Kurz, who in contrast to other European leaders had no problem with visiting the Western Wall in Jerusalem, struck an appreciative chord in Rivlin, who, as a seventh generation native son of Jerusalem, is one of its staunchest advocates.
Kurz told the President that he and his government are strongly committed to being “a supportive player for Israel and its security.”
In discussing Austria’s commitment to Israel and its own Jewish community, Kurz emphasized his intention to strengthen bilateral relations with Israel and to continue to fight antisemitism in his country.

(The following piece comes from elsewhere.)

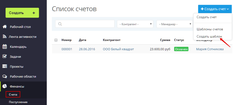 Самая популярная услуга в фирме «Константа» — поддержка сайта. Первый шаблон счета, который создаст Мария будет включать всевозможные позиции именно по этой услуге. Шаблон счета создается в разделе Финансы → Счета, через кнопку в правом верхнем углу «Создать счет». В открывшемся меню нужно выбрать пункт «Создать шаблон».
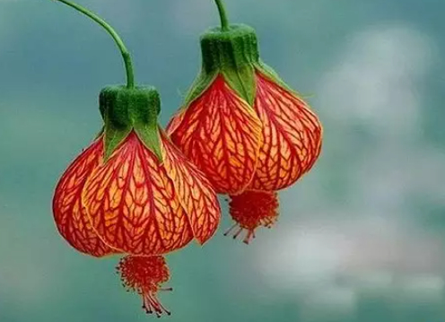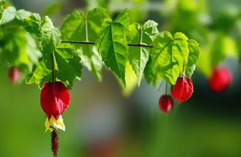 悬风铃花又称蔓性风铃花、红萼苘麻。花朵下垂,有细长的花梗,红色的萼片包裹着闭合的黄色花瓣,而伸出的棕色花蕊则像灯笼的穗子。整个花朵好似一个个色彩娇艳、自然别致的“拇指”小灯笼,煞是好看。

Kurz who has been outspoken on that subject in the past, and the need to atone for Austria’s role in the Holocaust, pledged that he would make the streets of Austria safe.
While in Israel on this occasion, and also during a previous visit as Foreign Minister, he had been to Yad Vashem, and both these visits had made a strong impression on him.

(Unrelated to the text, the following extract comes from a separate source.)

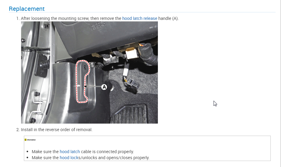 I took my car listed above to get an oil change. The guy working asked me to pop the hood, I pulled on the lever inside and nothing happened. He came over and was pulling on it. Still nothing as they were checking out the hood I kept pulling on the lever then it just popped right off. The guys said there is no cable available for them to pull on to open the hood. I need an oil change and have no idea what to do? Please help. Thanks!
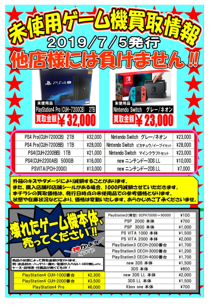 ニンテンドースイッチ!!! プレイステーション4!!! そしてその他のゲーム機も!! 7月末まで何台でも! 全部こちらの金額で買い取らせていただきます!!! ※上記の買取金額は未使用品かつ傷や店舗印のない最…

Warm and welcoming though he was towards Kurz, Rivlin reiterated his belief that notwithstanding the complexities of politics in Europe and the world at large, one cannot claim to be a friend of Israel, and at the same time be involved in racist and anti-Semitic activities.
Commenting that the Holocaust is still a central issue in Jewish life, Rivlin gave Kurz a copy of Amichai Greenberg’s recently screened film The Testament, which was co-produced with the Austrian Film Institute. Though a work of fiction, the film is based on a true story of a Holocaust researcher who is determined to find the mass grave of Jews murdered during the Holocaust in the Austrian village of Landsdorf.
“We are intertwined not only because of the present and the future, but of course because of the terrible past of the Holocaust,” Rivlin told Kurz, adding that the Holocaust continues to find expression in Jewish literature, art, film and culture.
PRESIDENT REUVEN RIVLIN speaks with Austrian Chancellor Sebastian Kurz, at the President’s Residence in Jerusalem yesterday.